------ Data under study ------
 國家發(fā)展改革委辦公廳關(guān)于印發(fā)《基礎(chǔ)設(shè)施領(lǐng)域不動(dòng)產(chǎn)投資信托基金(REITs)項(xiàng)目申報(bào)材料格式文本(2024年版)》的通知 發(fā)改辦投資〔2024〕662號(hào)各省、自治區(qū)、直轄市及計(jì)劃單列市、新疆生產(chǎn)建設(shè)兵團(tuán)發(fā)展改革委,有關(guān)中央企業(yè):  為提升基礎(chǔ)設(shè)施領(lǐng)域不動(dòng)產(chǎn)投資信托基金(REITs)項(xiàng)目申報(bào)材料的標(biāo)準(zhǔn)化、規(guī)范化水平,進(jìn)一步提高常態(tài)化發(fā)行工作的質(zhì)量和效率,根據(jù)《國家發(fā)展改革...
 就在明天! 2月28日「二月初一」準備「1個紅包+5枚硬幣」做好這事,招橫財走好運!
------
------ Data under study ------
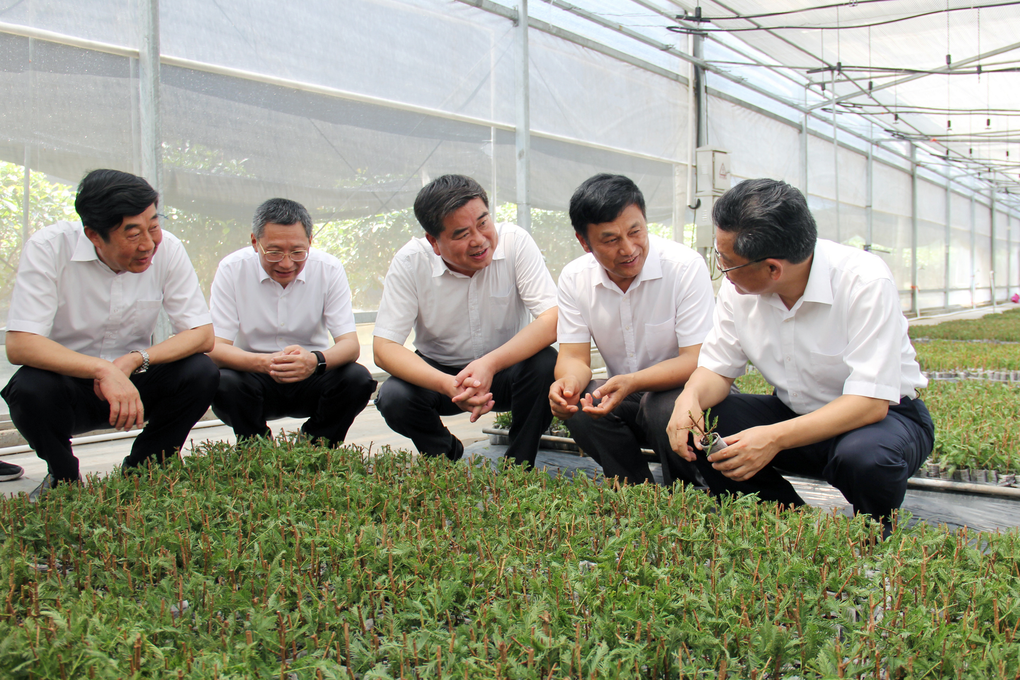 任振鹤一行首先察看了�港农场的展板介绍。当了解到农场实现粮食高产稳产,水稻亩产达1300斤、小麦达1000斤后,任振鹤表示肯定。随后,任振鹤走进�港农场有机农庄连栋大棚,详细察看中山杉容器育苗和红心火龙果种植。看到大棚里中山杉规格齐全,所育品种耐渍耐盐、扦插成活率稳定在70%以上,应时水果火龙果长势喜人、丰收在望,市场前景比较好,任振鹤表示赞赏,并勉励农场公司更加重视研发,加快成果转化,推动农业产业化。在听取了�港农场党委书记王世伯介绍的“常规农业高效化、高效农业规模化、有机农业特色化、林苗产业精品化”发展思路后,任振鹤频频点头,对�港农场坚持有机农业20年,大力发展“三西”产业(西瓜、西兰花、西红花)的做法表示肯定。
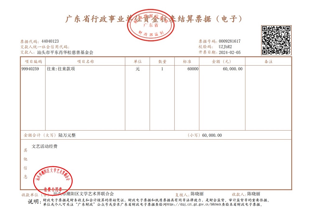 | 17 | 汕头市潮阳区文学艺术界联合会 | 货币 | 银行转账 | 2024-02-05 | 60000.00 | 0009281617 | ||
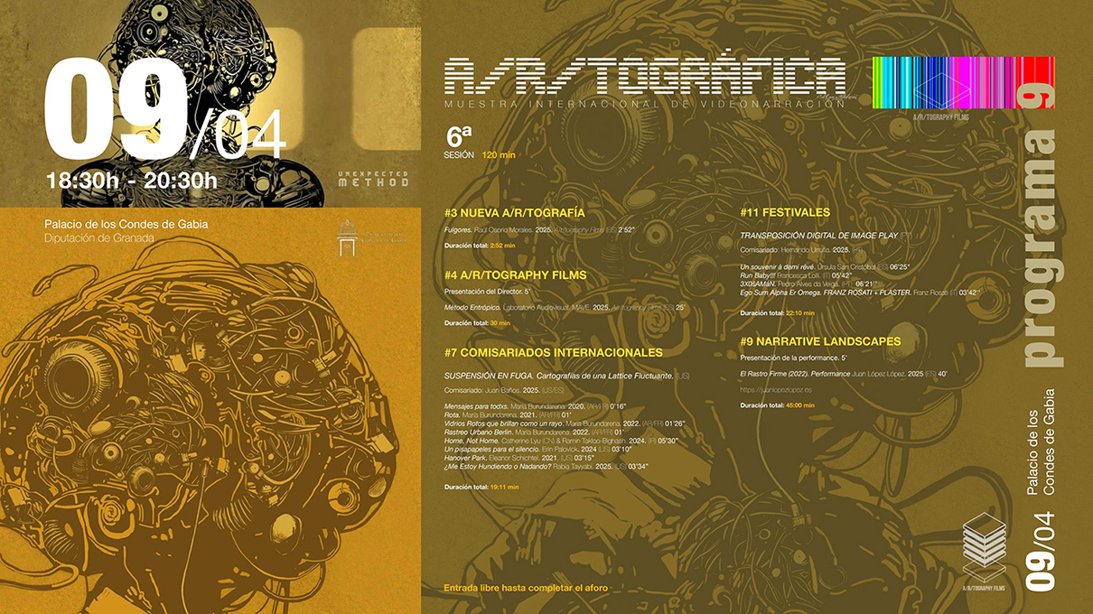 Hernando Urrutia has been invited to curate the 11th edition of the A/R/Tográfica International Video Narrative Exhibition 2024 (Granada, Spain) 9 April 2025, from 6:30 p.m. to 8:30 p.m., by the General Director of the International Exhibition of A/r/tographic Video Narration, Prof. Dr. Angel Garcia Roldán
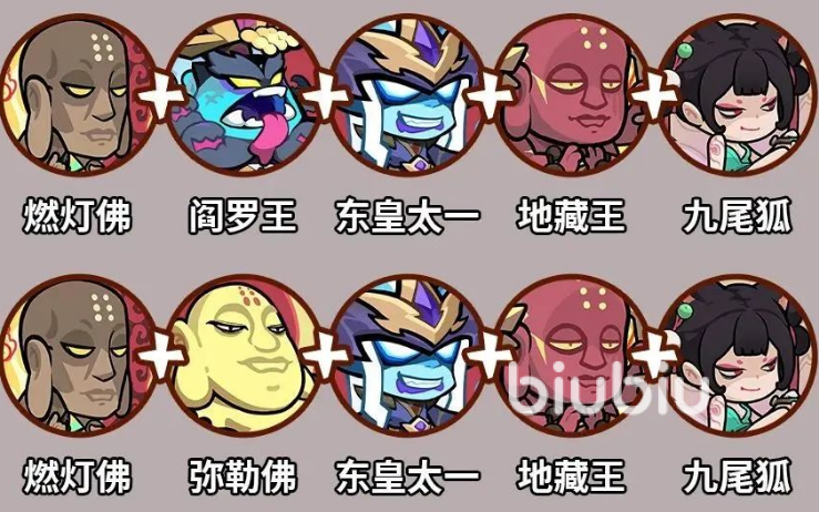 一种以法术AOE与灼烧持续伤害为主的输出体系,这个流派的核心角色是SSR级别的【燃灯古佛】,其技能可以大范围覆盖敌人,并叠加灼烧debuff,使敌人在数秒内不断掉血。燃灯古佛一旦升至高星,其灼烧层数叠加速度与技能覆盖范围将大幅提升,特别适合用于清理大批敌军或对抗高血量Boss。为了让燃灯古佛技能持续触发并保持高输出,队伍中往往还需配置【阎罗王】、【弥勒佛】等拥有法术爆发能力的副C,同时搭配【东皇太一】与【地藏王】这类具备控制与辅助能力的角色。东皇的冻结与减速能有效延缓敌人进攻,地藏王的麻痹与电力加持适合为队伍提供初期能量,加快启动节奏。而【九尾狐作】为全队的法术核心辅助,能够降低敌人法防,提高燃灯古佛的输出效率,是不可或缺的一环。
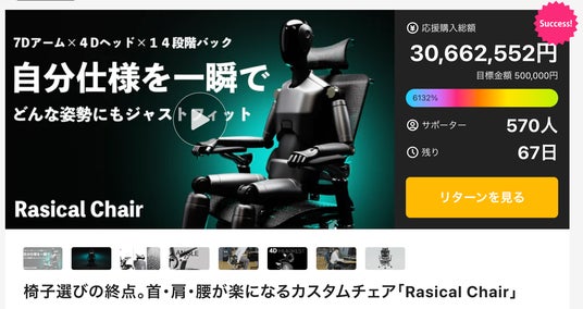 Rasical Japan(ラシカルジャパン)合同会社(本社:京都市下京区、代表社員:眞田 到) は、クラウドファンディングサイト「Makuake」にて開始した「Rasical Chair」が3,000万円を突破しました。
------
*Exercise aim:* For this exercise, return exactly the lines above from the line with "0009281617 | ||" through the line with "Hernando Urrutia has", both included. Do not copy the pictures.

*Solution to this task:*
 | 17 | 汕头市潮阳区文学艺术界联合会 | 货币 | 银行转账 | 2024-02-05 | 60000.00 | 0009281617 | ||
 Hernando Urrutia has been invited to curate the 11th edition of the A/R/Tográfica International Video Narrative Exhibition 2024 (Granada, Spain) 9 April 2025, from 6:30 p.m. to 8:30 p.m., by the General Director of the International Exhibition of A/r/tographic Video Narration, Prof. Dr. Angel Garcia Roldán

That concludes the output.